I am sorry for the confusion I caused. My dependent variable (y) is continuous numeric with negative and positive values for model 2, and continuous numeric positive values for model 1. As for my independent variable/fixed effects (there was a typo in my previous comment where I wrote dependent instead of independent) one of them is a categorical factor and the other one of them is numerical and continuous positive values in both model 1 and model 2. I also have several categorical random effects for model 1 and model 2.

1. Because I have a categorical x (fixed effect) I am having trouble finding a way to fix the heteroscedasticity.
2. because I have negative values in my response variable (y) I cannot transform them using log() as you advised in your first response.
3. I chose the distribution for my GLMM using qqp plots and testing different distributions. Do you have other recommendations for addressing this if you believe that it might be a general problem of picking an appropriate model?
4. Does the diagnostic plot do a test for heteroscedasticity? Because the message says no significant issues detected. I am also confused about what the scatter plot should look in a non-problematic model.

thank you again and sorry for the inconvenience!

[florianhartig]

Hello Sana,

first point: you are addressing the questions in the wrong order. As the distribution affects the dispersion, it doesn't make sense to worry about heteroskedasticity before you have fixed the distribution.
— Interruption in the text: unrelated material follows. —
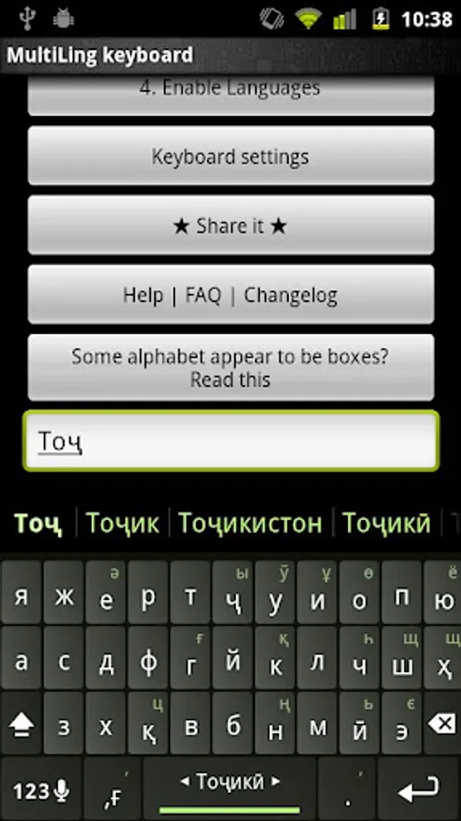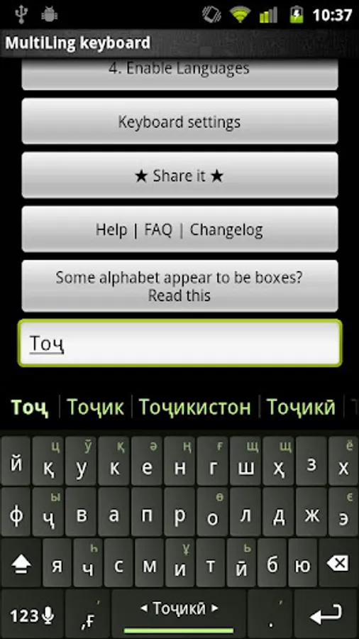 Tajik Dictionary plugin for Multiling O Keyboard autocorrect and word prediction

Regarding your distribution: what we can say is that neither model seems to fit super well, and in particular model 2 looks very odd. I can't do a "distance diagnostic" without having your data, but it looks as if you have a bounded response? All I can say is look at standard GLM textbooks, which will tell you that you can modify:

• response (transformation)
• link
• distribution

to model your distribution. For strictly positive data, Gamma is common, and Beta for bounded responses. In most cases, thinking about the nature of your data will already go a long way.

Once you have fixed your distribution, you can fix the dispersion via dispformula in glmmTMB - this can be done for categorical and numeric predictors alike.